Лет двенадцать назад пронесся по Москве, среди интеллигенции, слух, что, дескать, появился рассказ, никем еще не читанный, неизвестно чей, — про то, как вскоре после смерти Сталина и преждевременной реабилитации, когда лагеря позакрывали, остались без дела на местах, по соседним деревням и поселкам, масса караульных собак, и чуть только местные, вольные толпы сойдутся, скажем, на первомайскую демонстрацию или какое-то еще предусмотренное мероприятие, так сейчас же те собаки вылезают из своей конуры и принимаются строить вольняшек в арестованные колонны — как при Сталине. Не знаю, был ли, не был написан уже тогда этот чудесный рассказ. Возможно, из этой смутной истории о лагерных овчарках, более преданных, оказалось, режиму, нежели сам режим, и выросла повесть о верном Руслане. […]

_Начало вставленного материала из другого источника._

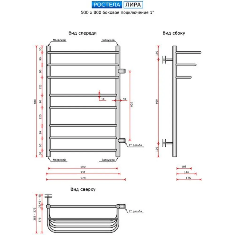 Полотенцесушитель Ростела Лира боковое правое подключение 1" 50x80 см
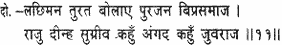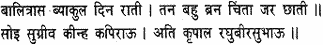 -but Raghubira, from mere natural kindliness, made Sugriva king of the monkeys – Sugriva who trembled day and night in fear of Bali, who had many a wound on his body and whose heart ever burnt with the fire of anxiety.

Здесь мы переходим к утопии, в условиях которой вырос и воспитался Руслан, ничего, кроме предложенного ему «нравственного кодекса», и не нюхавший в жизни. В условиях, где тренировка, дрессировка на «отличника по злобе», на «отличника по недоверию к посторонним» (когда «посторонний», разыгранный чекистом в балахоне, изо дня в день предлагает яд, горчицу, втыкает иглу в ухо, внушая понятие собаке, что каждый «посторонний» — шпион, враг народа) начинается с рождения, ничего другого и не может воспитаться из существа, полного любви и ревностного доброжелательства к людям. Мог ли быть лучше Руслан, чем он есть, мог ли он испытать доверие к «постороннему», если еще щенком ему внушали — и не просто внушали при помощи слов, но всякий раз подтверждали слова чувствительным болевым приемом, — что все «постороннее», вынесенное за регламент «хозяев», — безусловное и абсолютное зло?..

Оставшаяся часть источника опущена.